Once you are logged in, you can publish your package. In your project root directory do

npm publish

will do the trick. If your package name has already been taken, this won't work - you'll have to use another name. To publish again, use npm version <version> or update the version number by hand in package.json and then publish again.

It is possible to remove your package from the registry

npm unpublish <package name>[@<version>]

But this is discouraged. The better alternative is to deprecate it

npm deprecate <package name>[@<version>] <message>

which will show a deprecation warning message to anyone who installs it.
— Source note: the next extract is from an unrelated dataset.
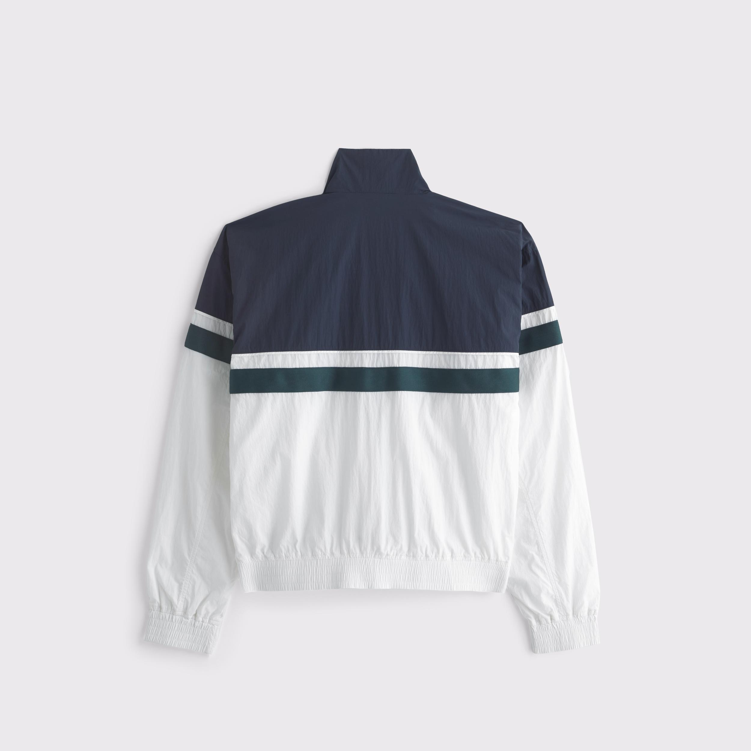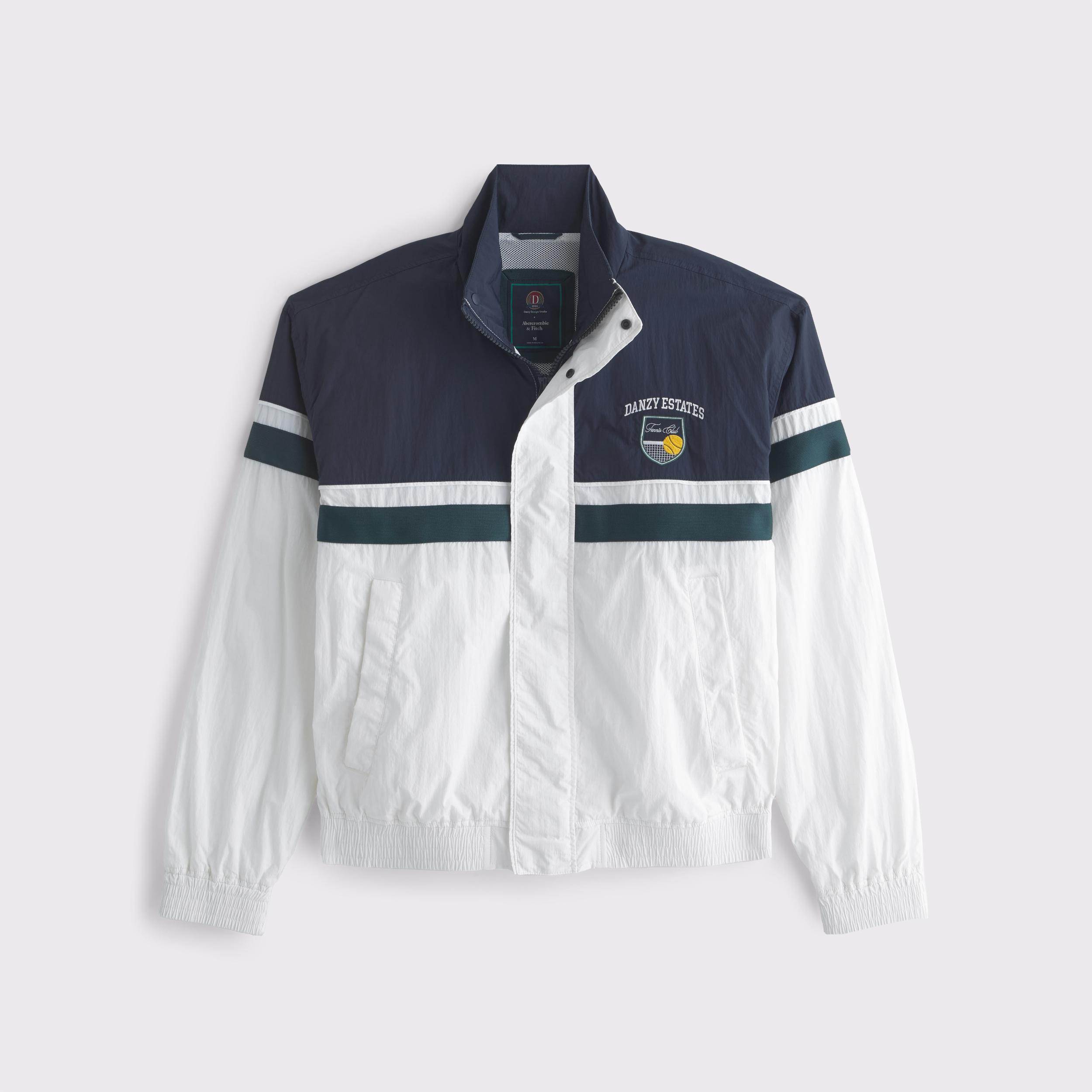 Our new cropped track jacket in a synthetic fabric and cropped length, featuring a relaxed-fit silhouette, Danzy-inspired graphic detail at left chest, color blocking detail, zip- and snap-up front, mock neckline, side pockets and banded hem and cuffs. Vol. 28 is our recurring collection designed to amplify Black voices and culture beyond Black History Month. The newest drop was co-designed with Marshall Danzy featuring smart staples and retro sportswear inspired by the 90s.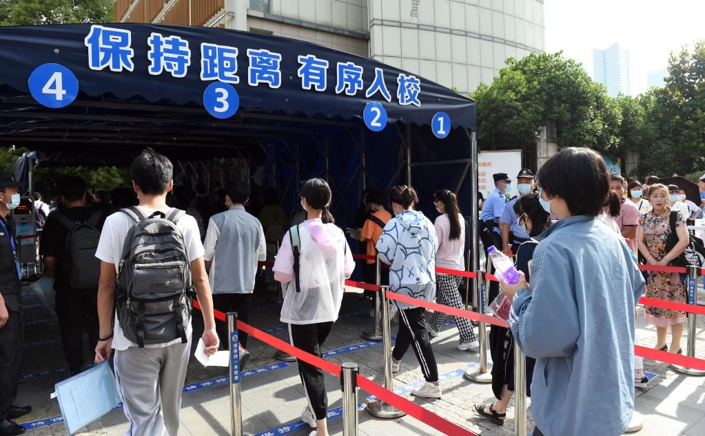 在安徽省合肥市五十中學天鵝湖校區考點,考生們有序進入考場。新華社記者 周牧 攝

npm tag <name>@<version> [<tag>]

will give a particular version of a package a tag - which is a string, so that now people can install it via the tag name, such as

npm install blerg@stable

The author command manages the list of users that can publish a particular package.

npm author ls blerg

Lists the users who admin the blerg package.

npm author add johndoe blerg

Adds johndoe to the blerg package.

npm author rm johndoe blerg

Removes johndoe from the blerg package.

Part IV: Discovery

npm also has facilities for discovering public packages in the registry.

npm search <search term>

Will list all packages whose name, description, or keywords match the provided search term.

npm home <package name>

Will open the project's home page in your browser.

npm has social features too, you can star and unstar a package

npm [star|unstar] <package name>

At the moment, social data is not used on the npm web site, but it will be at some point to make discovering good packages easier.

Part V: Getting Help


lists all available commands. Note: some of those listed are aliases.

npm help <command>

To get help on a particular command.

npm help-search <word>

searches all the command help pages for occurrence of a particular word, reverse sorted by the frequency of word occurrence. If you use npm help <command> and the command does not exist, it will fallback to help-search, so actually you'd be okay just using npm help.

And, last not least

npm faq

Bonus Tip

npm completion

Outputs some shell script which you can put into your .bashrc or .bash_profile to enable tab completion of npm commands.